Com o coração acelerado, Sergio recuou para longe do sofá, o rosto a qual conhecia continuava lá, mas não parecia Clarisse, algo estava diferente. — O que foi? — disse ela. — Vai negar que tirou minha vida? Vai negar que não pensou em mim quando ultrapassou aquele caminhão na faixa contínua?

A voz foi ficando mais alta e imponente. — Já era de se esperar que sua impaciência causaria problemas sérios! — Não... não é verdade! — questionou Sergio, com as lágrimas aumentando. O sorriso no rosto de Clarisse não existia mais, as palavras eram vomitadas com ódio, desprezo e tristeza, sentimentos que atingiram Sergio no fundo de seu coração, refletindo nas lágrimas que atingiam o chão. — Eu sempre te amei Clarisse, você era tudo pra mim, não foi intencional, eu nunca me perdoei pelo que aconteceu.... — Eu também nunca te perdoei! — rebateu ela, impiedosa – quem é você para viver e não eu? Você não merece a vida!

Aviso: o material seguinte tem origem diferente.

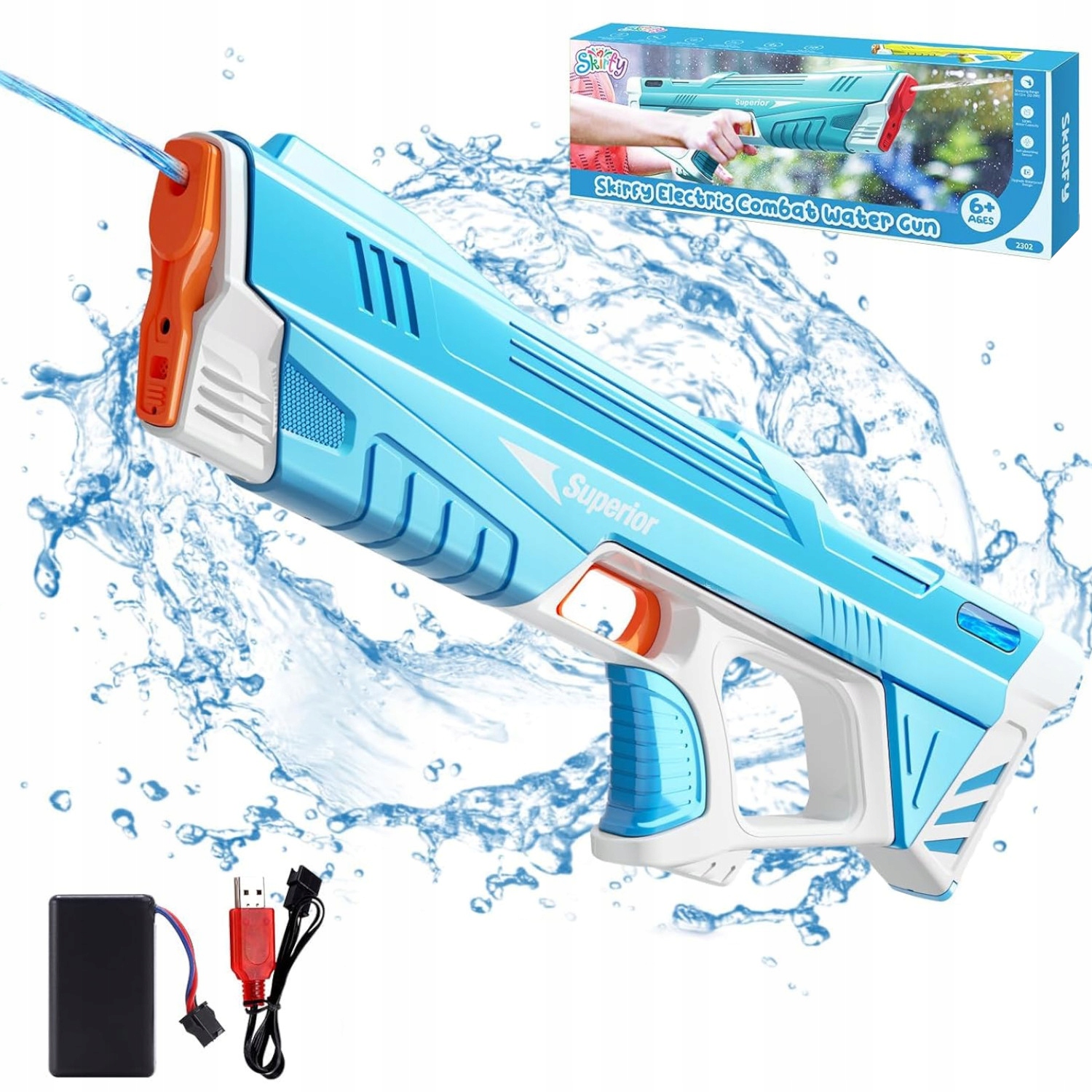 Вы ищете современный и впечатляющий водяной пистолет? Эта автоматическая водяная винтовка с батарейным питанием — настоящий хит праздничного веселья! Благодаря электрическому механизму наполнения и стрельбы дети и взрослые могут наслаждаться интенсивным водным боем, не прерывая веселья. Игра станет отличной идеей для того, чтобы охладиться в теплые дни во дворе, в бассейне, на пляже или во время летней вечеринки.

Com o sentimento de culpa, essas afirmações faziam cada vez mais sentido, quem era ele para viver? Ele não merecia o dom da vida, ele não era nada. Com a respiração descontrolada, encarou o olhar de desprezo da única mulher no qual havia amado. Se levantou as pressas do chão gelado, indo em direção a cozinha, o macarrão borbulhava na panela, abriu a gaveta com talheres e pegou uma pequena faca e, involuntariamente, escorreu-a pelo seu pulso direito e depois pelo esquerdo, de forma que não houvesse mais barreira entre o sangue e o exterior. Deixou a faca cair ao chão e caminhou lentamente até o sofá, onde seu eterno amor o esperava, ele se sentou ao seu lado, deitou a cabeça em seus ombros, a água do macarrão transbordou pela panela até o fogo. Enquanto sua visão ia escurecendo, fitou o que sobrara da maçã no chão e se lembrou do gosto doce da fruta em seus lábios.